The table shows the drink preferences of 50 shoppers at the mall. What is the probability that one shopper, selected at random from the 50 surveyed, preferred either Drink B or Drink A?
You can't show the table here.
Drink B is 8 people and drink A in 7 people.
To find the probability that a random shopper preferred either Drink B or Drink A, we need to determine the number of shoppers who preferred either Drink B or Drink A and divide it by the total number of shoppers surveyed.
Without the exact numbers, it is impossible to provide an exact probability. However, if you have the numbers, follow these steps:
1. Count the number of shoppers who preferred Drink B.
2. Count the number of shoppers who preferred Drink A.
3. Add the number of shoppers who preferred Drink B and Drink A (assuming they are mutually exclusive).

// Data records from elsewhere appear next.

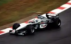 The first rounds of the season proved difficult for Coulthard; In the opening round in Australia, he retired from engine problems, and finished second in Brazil, before being disqualified as the front wing endplates on his car 7mm lower than the required 50mm above the reference plane.[46] Coulthard overcame these setbacks and finished on the podium in the next five races, which included victories in Britain and Monaco. In June, Coulthard signed an extension to his contract, confirming he would remain at McLaren for 2001.[47] A non-points scoring finish in Canada, followed victory in France, a victory which he later described as the most memorable of his career which also happened to be McLaren's only ever win at the Magny-Cours circuit.[48] A hat-trick of podiums followed in the next three rounds and secured a fourth-place finish in Belgium. Coulthard was involved in a multi-car collision on the first lap in Italy. This would be marked by scoring points in the final three rounds, including podiums in Japan and Malaysia. Coulthard finished third in the Drivers' Championship, with 73 points, and McLaren finished second in the Constructors' Champions.[23] For his efforts during the season, Coulthard was awarded his second Hawthorn Memorial Trophy.[42]
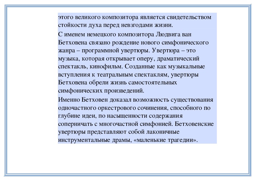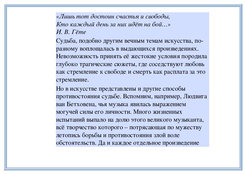 Бетховен, подобно многим и многим великимхудожникам признававший, что сила, порождающая его
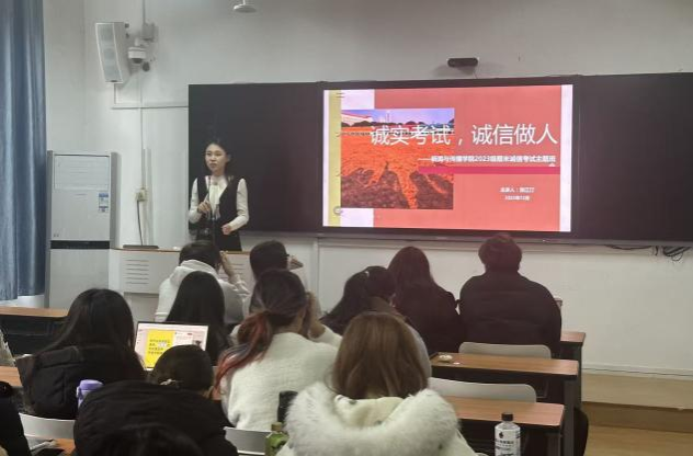 班会伊始,各年级辅导员结合近期考试安排,向同学们强调了诚信考试的重要性。他们指出,考试不仅是对学习成果的检验,更是对个人品德修养的考验,诚信应考是大学生践行社会主义核心价值观、恪守学术道德的基本要求。随后,辅导员们详细解读了《国家教育考试违规处理办法》《学校学生违纪处分规定》等相关规章制度,通过列举典型考试违纪作弊案例,深入剖析了违纪作弊行为的严重后果,包括取消考试成绩、记过处分、影响评优评先及毕业就业等,让同学们深刻认识到违纪作弊的危害性。
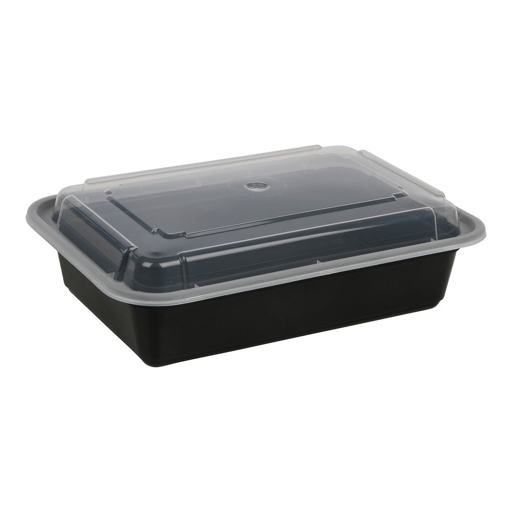 Newspring 38 Ounce Microwaveable Plastic Containers, Rectangle, Black, with Lids, Polypropylene, Versatainer, 150 Ct Bag, 1/Case
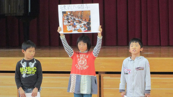 東小田小3年生との交流会で、三並小の学校行事を紹介しました(3年)
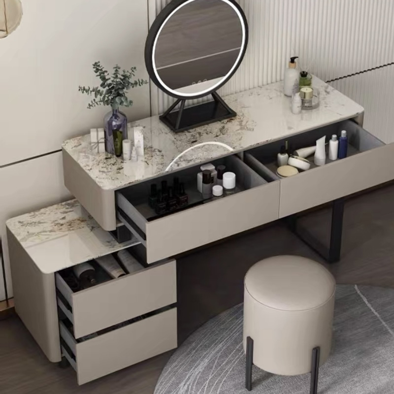 Luxury Retractable Dressing Table with Six Bucket Cabinet Storage and Mirror Solid Wood Makeup Vanity for Bedroom
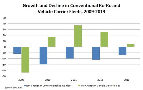 2009-2013年兩大船型船隊變化走勢圖顯示,在經歷了2009年的拆解高峰之后,汽車運輸船船隊規模逐年遞增,而傳統滾裝船數量逐步縮水。
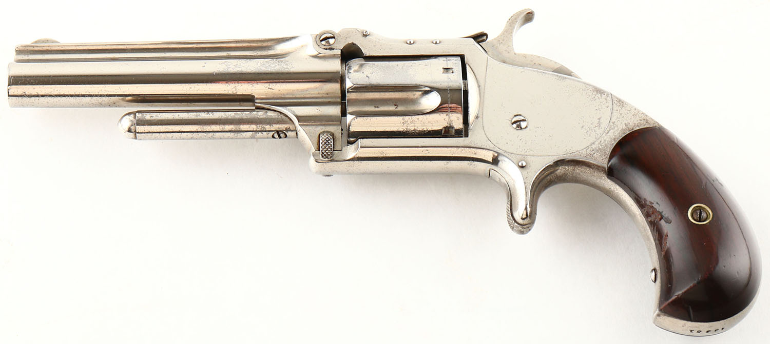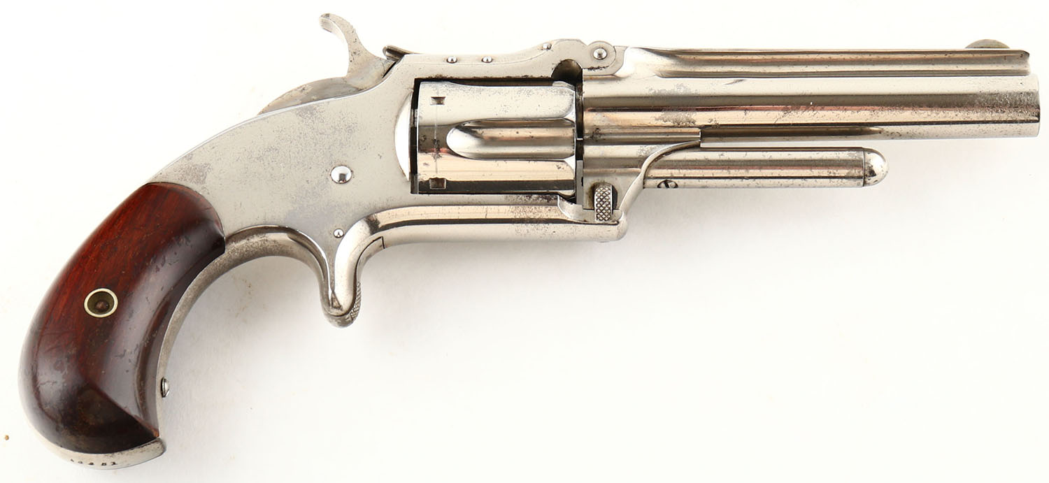Smith & Wesson, Model Number 1 1/2 ''New Model'', CAL: 32 RF, MFG: 1868-75, SN: 45351, Single Action Revolver, 3 1/2'' barrel. The top of the barrel is marked ''SMITH & WESSON SPRINGFIELD MASS PAT APR 3, 55. JULY 5, 59 & NOV.21.65''. The full SN is stamped on the butt. The original bird's head grips are very good & solid. The left grip has some dings & scarring. The original nickel finish rates 90% overall, with intermittent speckling throughout. Bore is very good & bright, with a couple small areas of spotting/light pitting. Notch rear sight & low profile blade front sight. A very nice example of a Model 1 1/2. Antique, No FFL Req. - Value: 700 to 1200
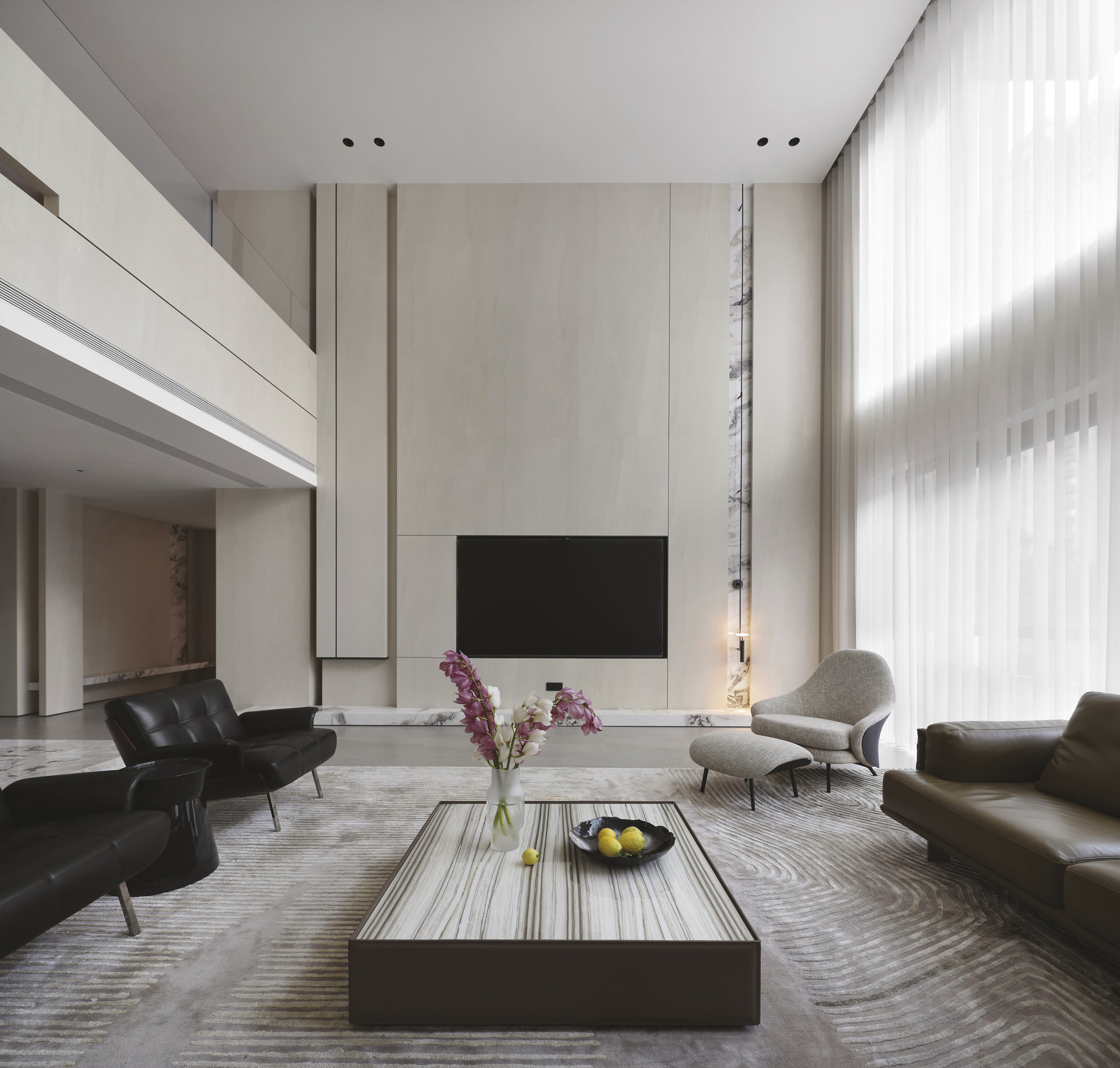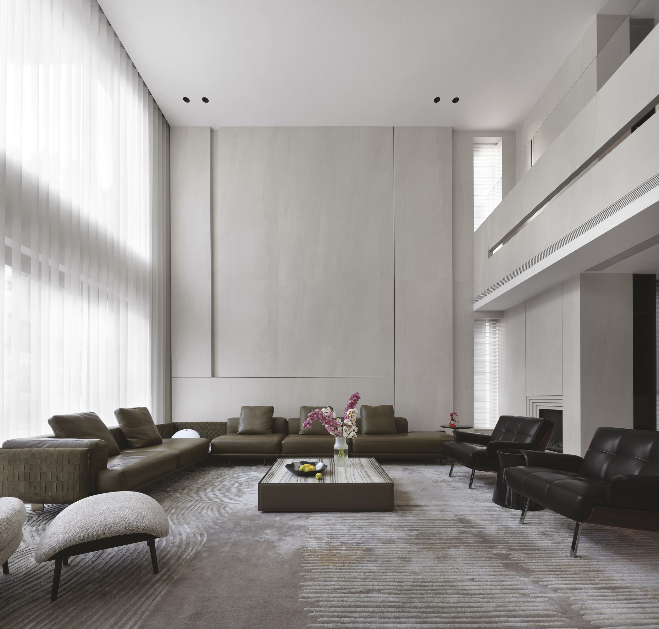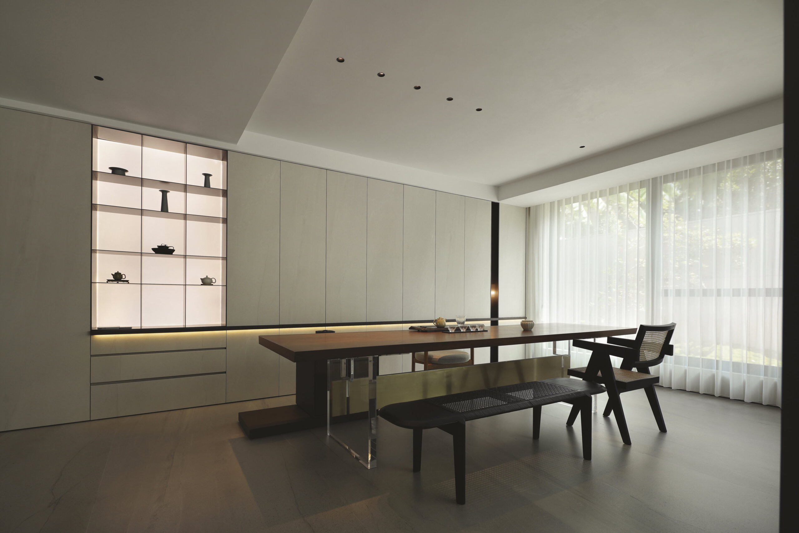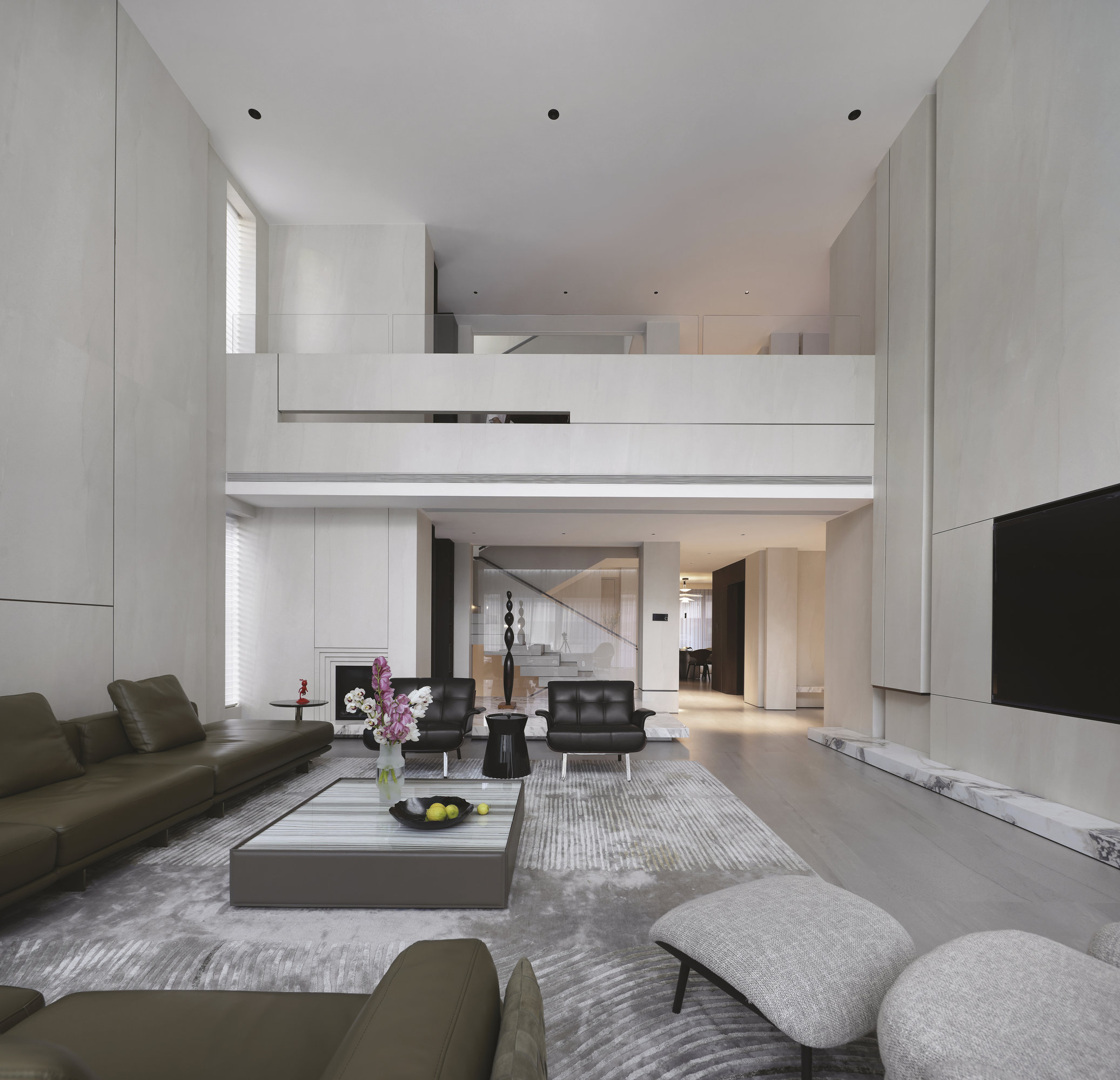 L’utilisation de grandes dalles en grès cérame Maximum constitue un choix déterminant, appliqué aux sols, aux revêtements muraux et au mobilier sur mesure. Le grand format permet des surfaces continues et homogènes, définissant une enveloppe intérieure sophistiquée à texture minérale uniforme.

4. Divide the sum by the total number of shoppers surveyed (50 in this case).
5. Multiply the result by 100 to get the probability as a percentage.
Here is the formula:
P(Drink B or Drink A) = (Number of shoppers who preferred Drink B + Number of shoppers who preferred Drink A) / Total number of shoppers surveyed
For example, if 10 shoppers preferred Drink B and 15 shoppers preferred Drink A:
P(Drink B or Drink A) = (10 + 15) / 50
P(Drink B or Drink A) = 25 / 50
P(Drink B or Drink A) = 0.5
So, the probability is 0.5 or 50%.
To find the probability that a shopper preferred either Drink B or Drink A, we need to determine the number of shoppers who preferred either of those drinks and divide it by the total number of shoppers surveyed.
The information provided is that there are 50 shoppers surveyed, but we don't have the breakdown of how many preferred each drink. To find the answer, we need more specific data about the preferences of the shoppers.
If you have the data on how many shoppers preferred each drink, please provide those details so we can calculate the probability for you.